Open WebUI + Authentik SSO with automatic admin role mapping

Notes on getting Open WebUI working with Authentik SSO on a Docker Swarm setup with Traefik. Took me a bit to get all the pieces right, the main gotchas are the JWT signing key (Authentik doesn’t set one by default 🤦🏻‍♀️) and the self-signed cert handling inside the container.

What you need

• Authentik running as your identity provider
• Traefik as reverse proxy (with TLS)
• Open WebUI

Part 1: Authentik setup

1. Create scope mappings

Authentik has official integration docs for Open WebUI which cover the basics. Below is the role mapping part which isn’t covered there.

There are two approaches to giving SSO users admin in Open WebUI. You can set up both in Authentik and switch between them on the Open WebUI side.

Option A: hardcoded admin for everyone

The simplest approach. Every SSO user gets admin. Create a scope mapping in Customization → Property Mappings → Create → Scope Mapping:

• Name: Open WebUI Admin Role
• Scope name: roles
• Expression:

return {"roles": "admin"}

Then on the Open WebUI side you use OAUTH_ROLES_CLAIM: "roles" and OAUTH_ADMIN_ROLES: "admin".

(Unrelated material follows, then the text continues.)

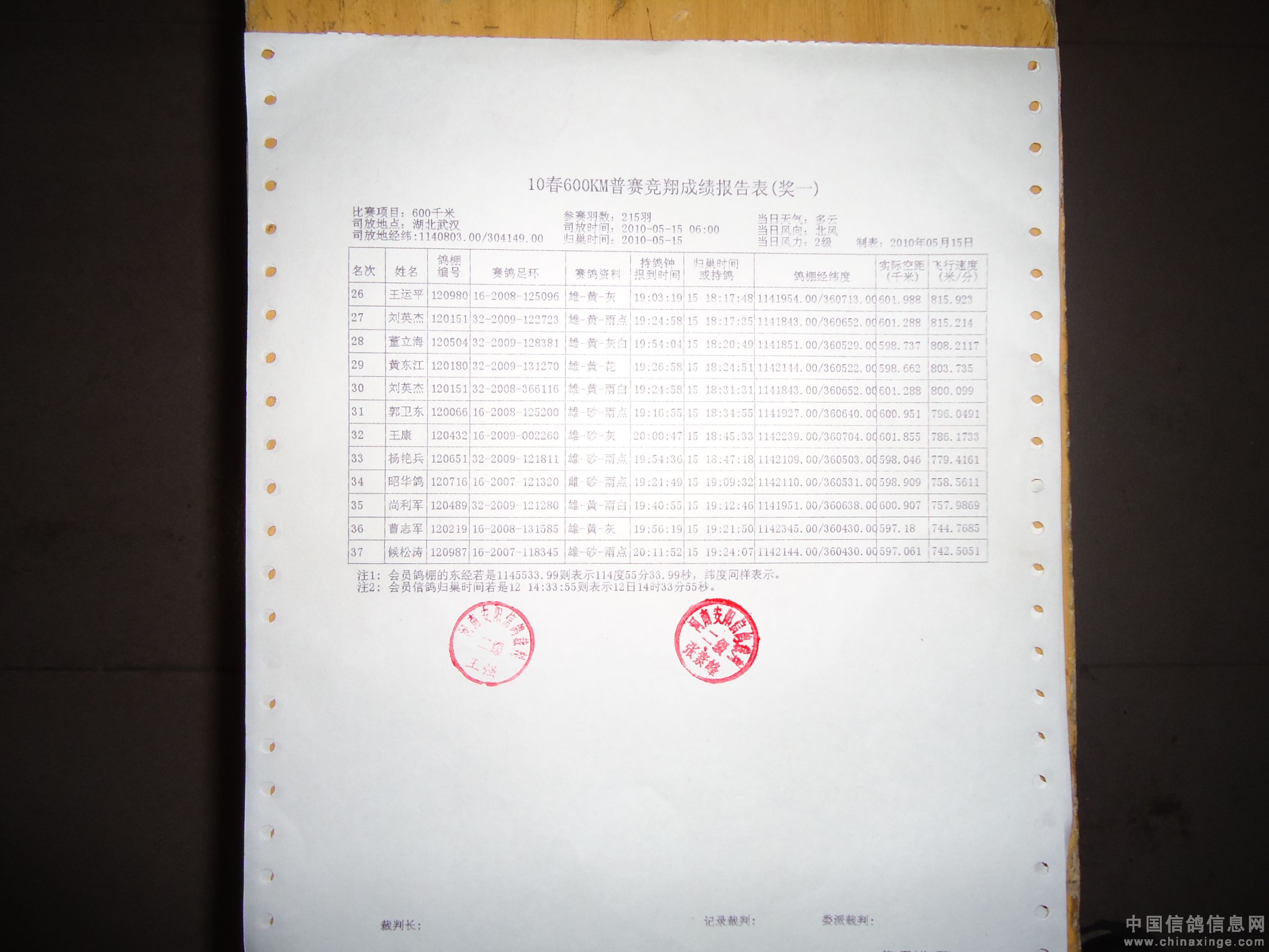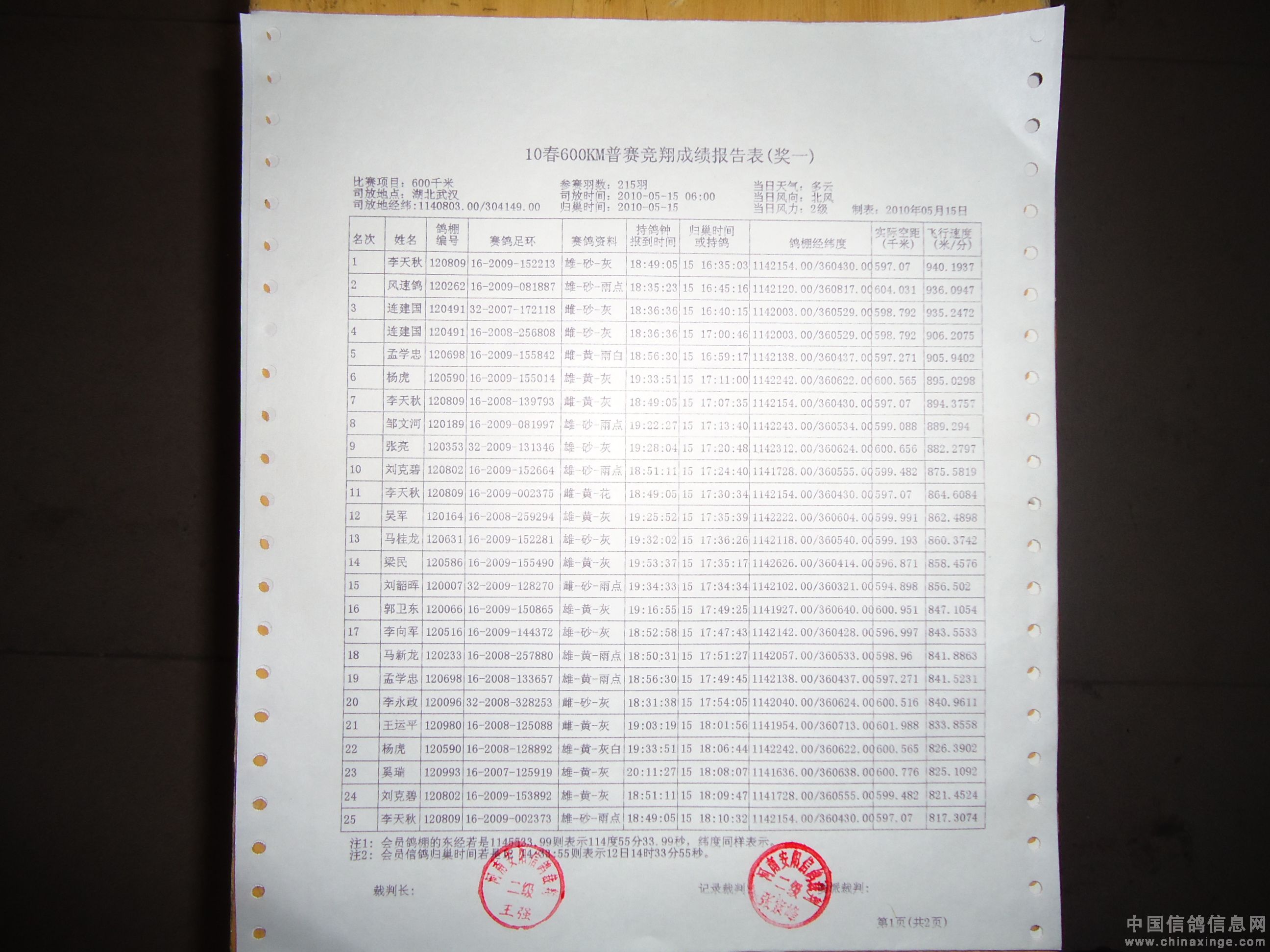500公里大悟站前十名验鸽(汽车大奖赛冠军)(7-8)

Option B: LDAP group-based admin

Cleaner if you already have LDAP groups, only users in a specific group get admin. No custom scope mapping needed here! When you request the groups scope in OIDC, Authentik already returns the user’s groups in the token natively.

On the Open WebUI side:

  OAUTH_SCOPES: "openid profile email groups"
  ENABLE_OAUTH_ROLE_MANAGEMENT: "true"
  OAUTH_ROLES_CLAIM: "groups"
  OAUTH_ADMIN_ROLES: "chat_admin"

Replace chat_admin with whatever your LDAP group is called.

In my case I have a chat_admin group in LDAP with alice as a member. Authentik syncs it via the LDAP source, and Open WebUI checks for it in the JWT groups claim. Bob is not in chat_admin, so he gets regular user 👌

2. Create an OAuth2/OpenID provider

Go to Applications → Providers → Create → OAuth2/OpenID Provider

• Name: Open WebUI Provider
• Authorization flow: default-provider-authorization-implicit-consent
• Client type: Confidential
• Client ID: openwebui (or leave the random default Authentik generates)
• Client Secret: (Authentik generates one by default)
• Redirect URIs: https://chat.yourdomain.com/oauth/oidc/callback
• Signing Key: select any available signing key (don’t skip this!)
• Scopes: openid, email, profile + the roles mapping you created (Option A) or just groups (Option B, built-in)

3. Create an application

Go to Applications → Applications → Create

• Name: Open WebUI
• Slug: openwebui
• Provider: Open WebUI Provider

Part 2: Open WebUI config

The env vars you need in your docker compose / stack. Pick either Option A or B for the role mapping:

environment:
  # SSO via Authentik (OIDC)
  ENABLE_OAUTH_SIGNUP: "true"
  OAUTH_PROVIDER_NAME: "Authentik"
  OPENID_PROVIDER_URL: "https://auth.yourdomain.com/application/o/openwebui/.well-known/openid-configuration"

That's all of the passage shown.